Lesley Riddoch: Scotland to choose between two families of nations

Scotland staying in the EU raises many possibilities. Lesley Riddoch looks to Cyprus and Greenland for some pointers
European Union and Scottish flags held aloft by pro-EU campaigners outside the Scottish Parliament last month. Picture: AFP/GettyEuropean Union and Scottish flags held aloft by pro-EU campaigners outside the Scottish Parliament last month. Picture: AFP/Getty
European Union and Scottish flags held aloft by pro-EU campaigners outside the Scottish Parliament last month. Picture: AFP/Getty

Overshadowed by horror in France, insurrection in Turkey and wholesale change in the British Government, the ramifications of Brexit continue to quietly unfold.
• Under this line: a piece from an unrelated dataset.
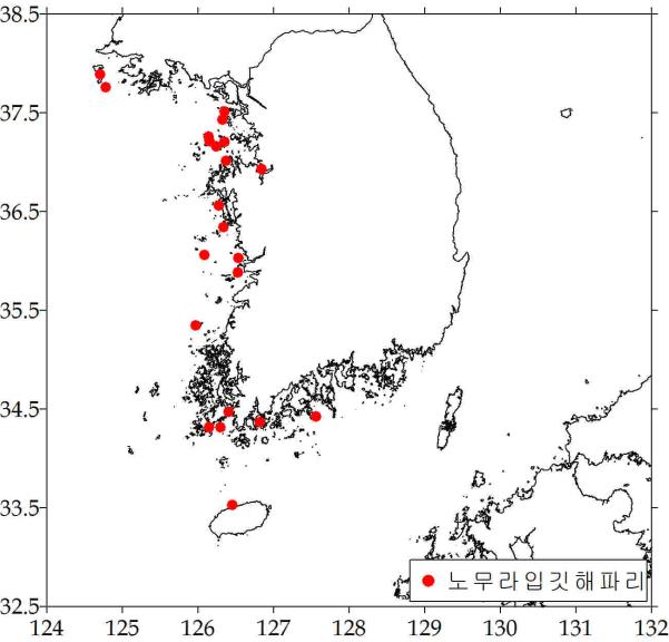 □ 해파리 출현종 및 분포상황 ○ 노무라입깃해파리(강독성) - 인천 연근해 등 31곳에서 출현 ‧ 인천 연평도/이작도/덕적도/장봉도/백령도 /동수도 연안 소량 출현 ‧ 경기도 평택항/입파도/시흥 연안 소량 출현 ‧ 충남 태안반도/대산항/삽시도 연안 소량 출현 ‧ 전북 군산 새만금 바깥해역 소량 출현 ‧ 전남 진도/완도/나로도/소리도 연안 소량 출현 ‧ 울산 연안 소량 출현 ‧ 경북 양포만 소량 출현 ‧ 제주도 연안 소량 출현 - 수온: 평균 23.18℃(범위: 19.99 ~ 26.04℃) - 출현률: 8/21(17.9%) → 8/28(15.6%) → 9/4(18.1%)

It’s increasingly apparent that Scots face a choice between two families of nations and must soon take a long-term decision about which one feels like home.

Family one – the Europeans – are admittedly a carnaptious bunch. Veteran EU members share the same social democratic tilt as the Scots but those with independence movements did everything possible to obstruct iScotland’s case for automatic membership in 2014. How times have changed. A report by the European Policy Centre suggests Scotland has a “good” chance of being allowed to remain in the EU because it has “won sympathy by its vote to remain” in last month’s referendum. Report author Graham Avery – an Oxford academic and chief adviser to the European Commission – says: “It is in the material interest of the EU, including Spain, to keep Scotland inside.”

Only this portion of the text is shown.